*Instructions to follow*. Below this line are records; transcribe exactly the lines between the one holding "This stylish kaftan-inspired" and the one holding "Loyal friend of", inclusive, and omit the pictures.

*Records for the exercise*.
################

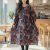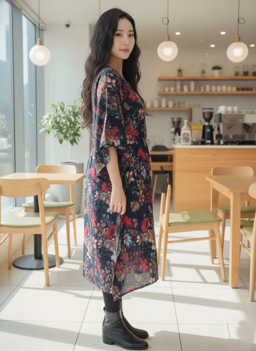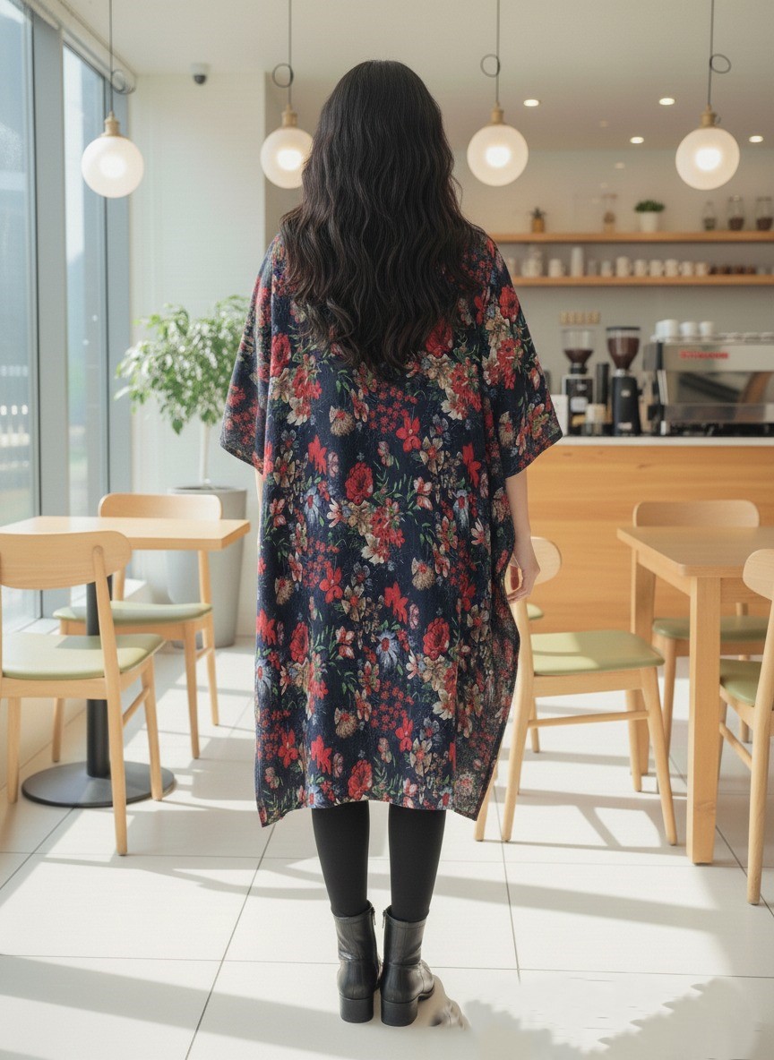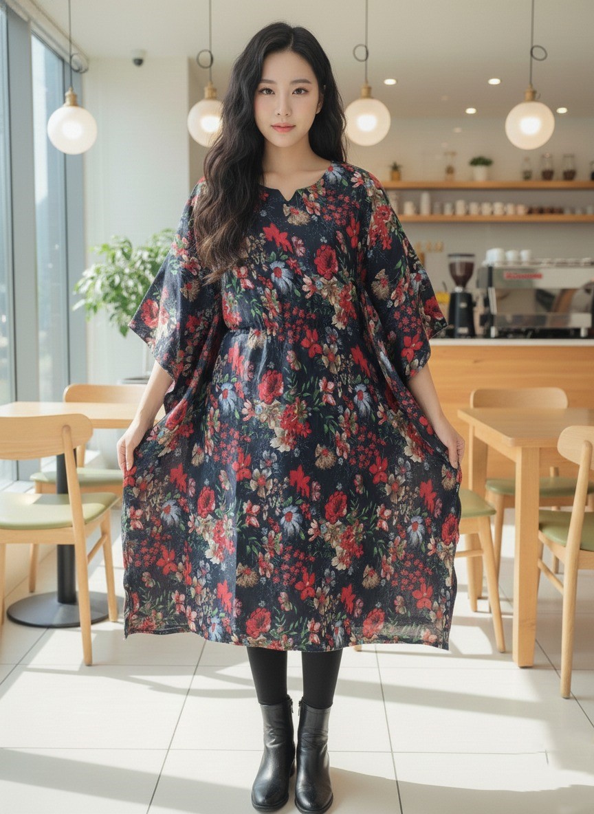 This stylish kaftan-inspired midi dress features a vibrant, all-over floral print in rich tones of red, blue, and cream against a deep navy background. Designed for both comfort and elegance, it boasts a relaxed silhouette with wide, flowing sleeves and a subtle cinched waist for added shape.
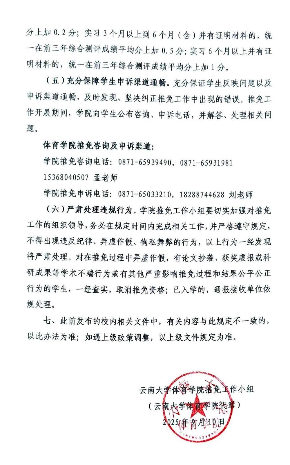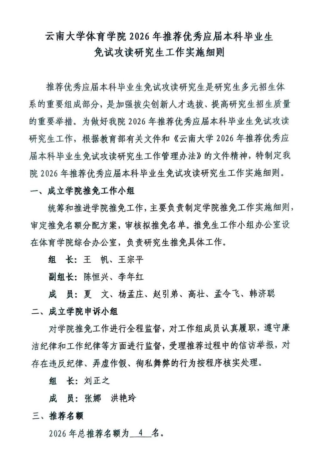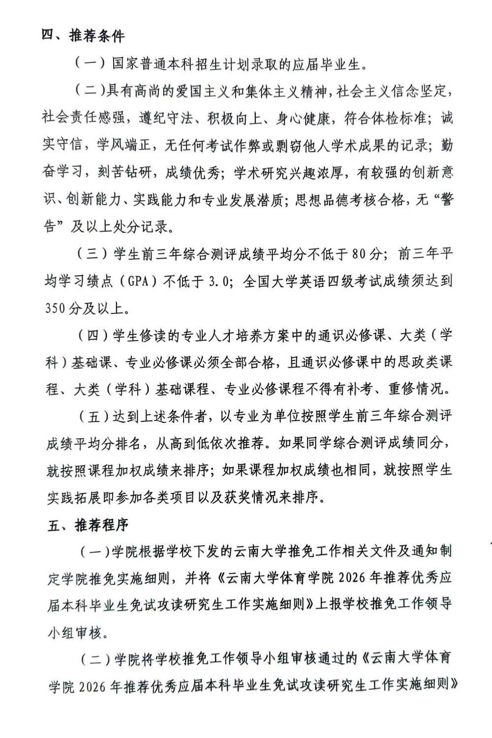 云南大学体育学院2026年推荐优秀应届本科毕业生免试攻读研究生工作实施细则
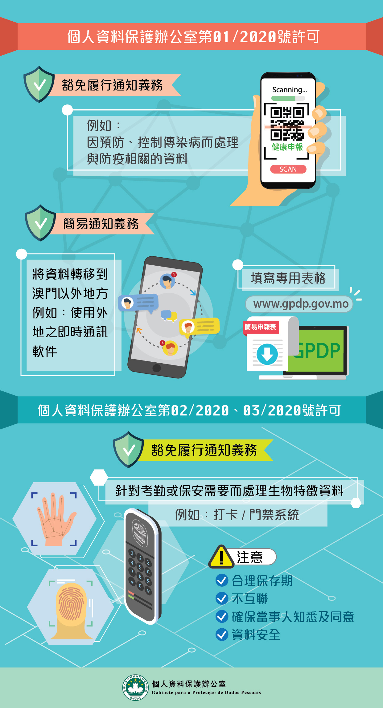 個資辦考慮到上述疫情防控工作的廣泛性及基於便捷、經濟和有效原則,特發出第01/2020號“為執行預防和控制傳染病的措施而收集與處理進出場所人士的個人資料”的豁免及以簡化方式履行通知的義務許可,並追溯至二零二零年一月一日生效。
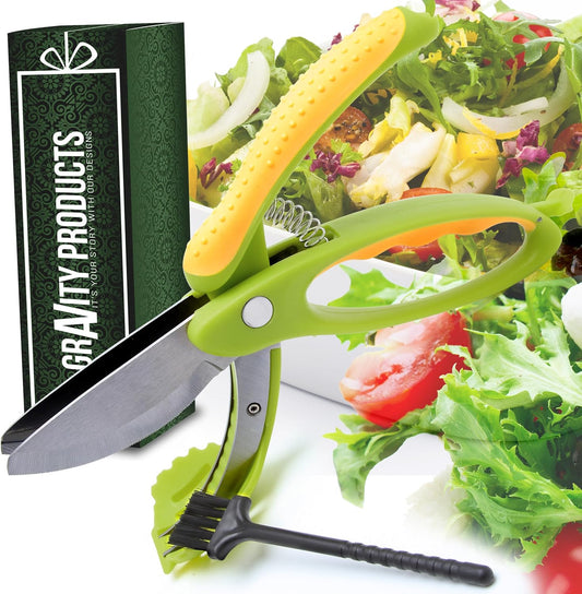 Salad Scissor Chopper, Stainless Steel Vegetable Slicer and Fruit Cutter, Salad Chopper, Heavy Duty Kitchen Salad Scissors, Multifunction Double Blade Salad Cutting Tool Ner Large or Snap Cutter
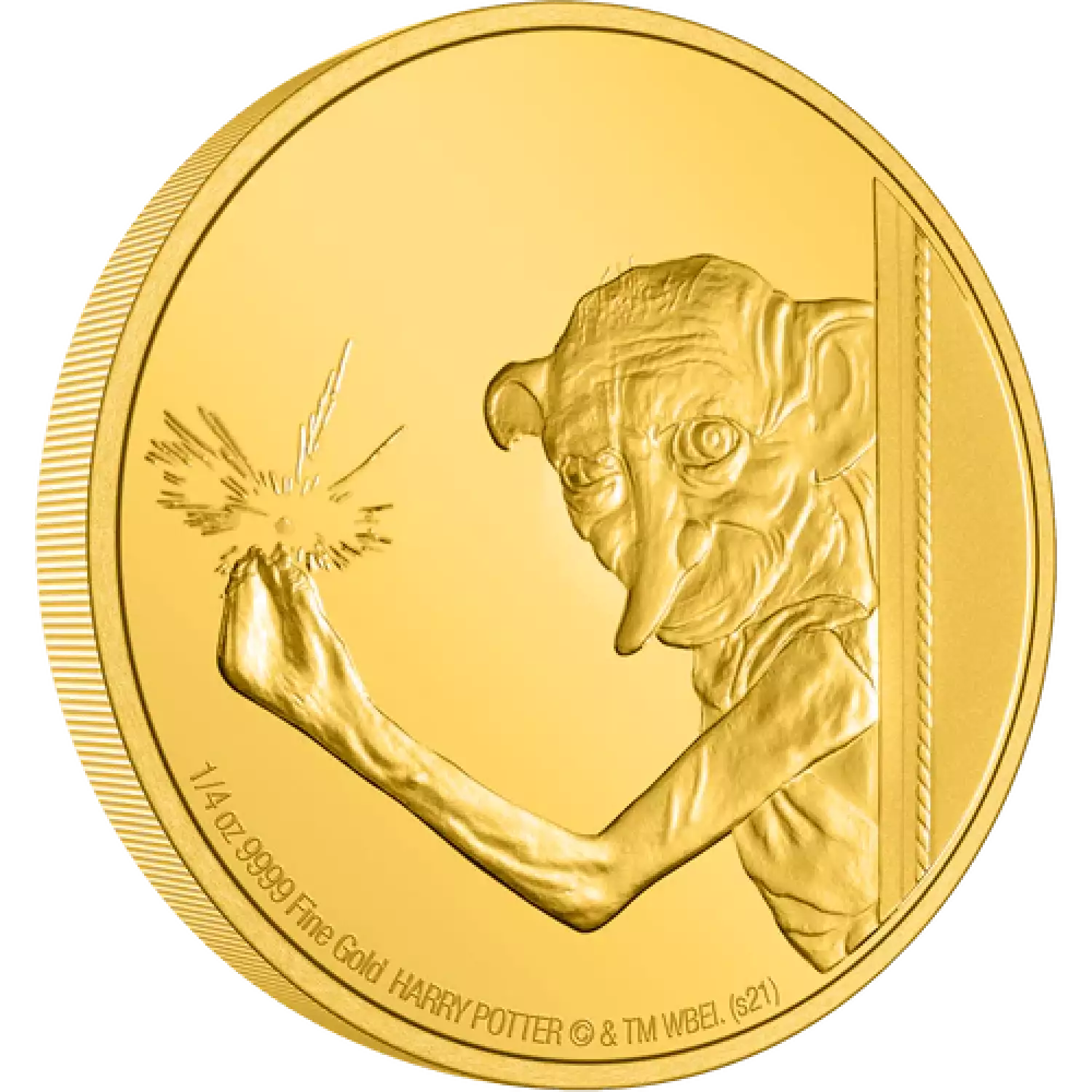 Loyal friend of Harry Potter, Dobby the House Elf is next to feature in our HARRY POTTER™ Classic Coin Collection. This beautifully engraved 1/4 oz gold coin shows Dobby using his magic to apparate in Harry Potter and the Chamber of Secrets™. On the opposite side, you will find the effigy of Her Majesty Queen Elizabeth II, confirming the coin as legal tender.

################

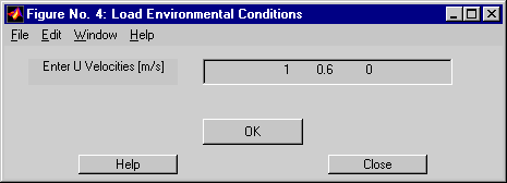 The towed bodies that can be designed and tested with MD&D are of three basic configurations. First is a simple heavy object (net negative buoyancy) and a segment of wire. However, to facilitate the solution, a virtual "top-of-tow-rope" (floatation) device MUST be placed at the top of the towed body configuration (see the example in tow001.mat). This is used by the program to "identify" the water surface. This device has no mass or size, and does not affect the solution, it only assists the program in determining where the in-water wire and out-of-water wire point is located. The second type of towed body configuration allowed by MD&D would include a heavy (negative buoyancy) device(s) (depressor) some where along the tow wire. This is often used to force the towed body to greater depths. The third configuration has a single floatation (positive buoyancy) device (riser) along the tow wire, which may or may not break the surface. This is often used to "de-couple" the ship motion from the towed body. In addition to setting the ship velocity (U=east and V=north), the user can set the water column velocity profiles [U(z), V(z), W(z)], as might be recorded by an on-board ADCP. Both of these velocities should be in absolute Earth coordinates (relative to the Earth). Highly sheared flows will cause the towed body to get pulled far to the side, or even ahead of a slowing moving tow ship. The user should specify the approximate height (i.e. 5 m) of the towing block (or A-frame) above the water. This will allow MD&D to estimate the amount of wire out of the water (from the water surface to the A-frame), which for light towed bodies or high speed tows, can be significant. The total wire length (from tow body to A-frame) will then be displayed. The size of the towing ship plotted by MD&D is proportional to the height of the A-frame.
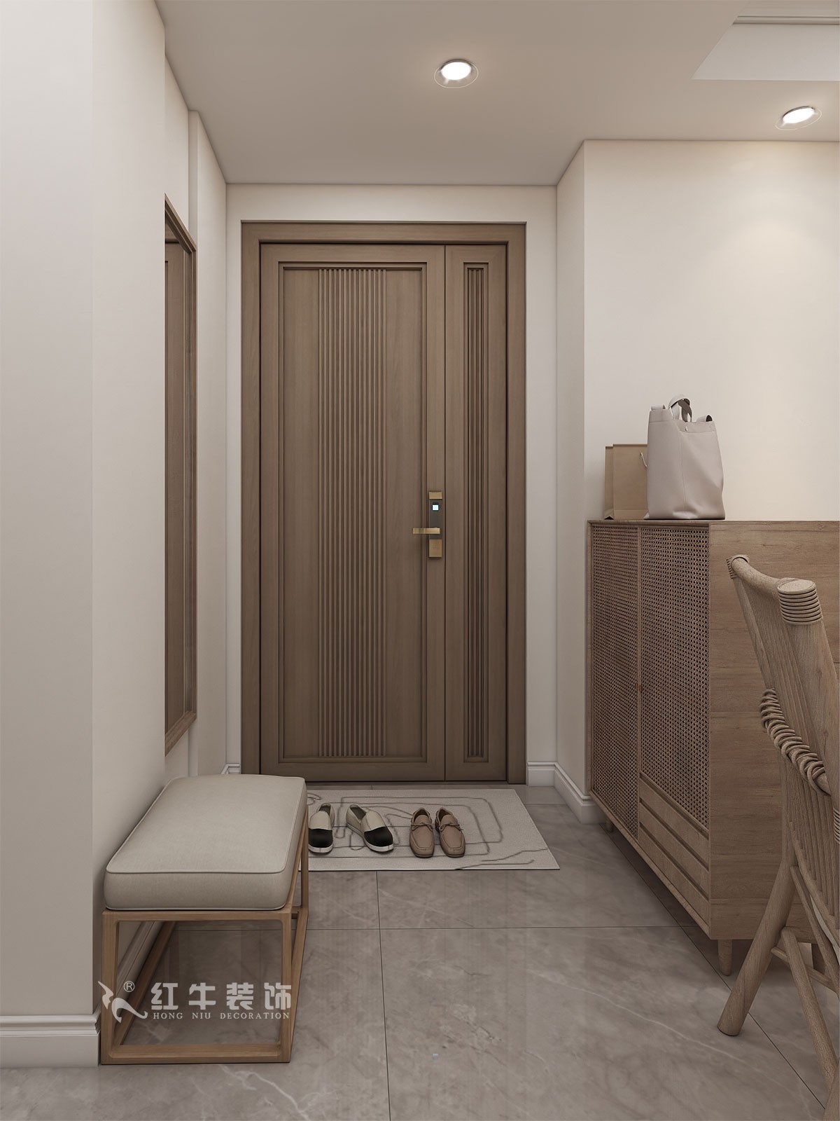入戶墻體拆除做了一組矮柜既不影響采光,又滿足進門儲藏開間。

################

*Answer to this task*.
 This stylish kaftan-inspired midi dress features a vibrant, all-over floral print in rich tones of red, blue, and cream against a deep navy background. Designed for both comfort and elegance, it boasts a relaxed silhouette with wide, flowing sleeves and a subtle cinched waist for added shape.
 云南大学体育学院2026年推荐优秀应届本科毕业生免试攻读研究生工作实施细则
 個資辦考慮到上述疫情防控工作的廣泛性及基於便捷、經濟和有效原則,特發出第01/2020號“為執行預防和控制傳染病的措施而收集與處理進出場所人士的個人資料”的豁免及以簡化方式履行通知的義務許可,並追溯至二零二零年一月一日生效。
 Salad Scissor Chopper, Stainless Steel Vegetable Slicer and Fruit Cutter, Salad Chopper, Heavy Duty Kitchen Salad Scissors, Multifunction Double Blade Salad Cutting Tool Ner Large or Snap Cutter
 Loyal friend of Harry Potter, Dobby the House Elf is next to feature in our HARRY POTTER™ Classic Coin Collection. This beautifully engraved 1/4 oz gold coin shows Dobby using his magic to apparate in Harry Potter and the Chamber of Secrets™. On the opposite side, you will find the effigy of Her Majesty Queen Elizabeth II, confirming the coin as legal tender.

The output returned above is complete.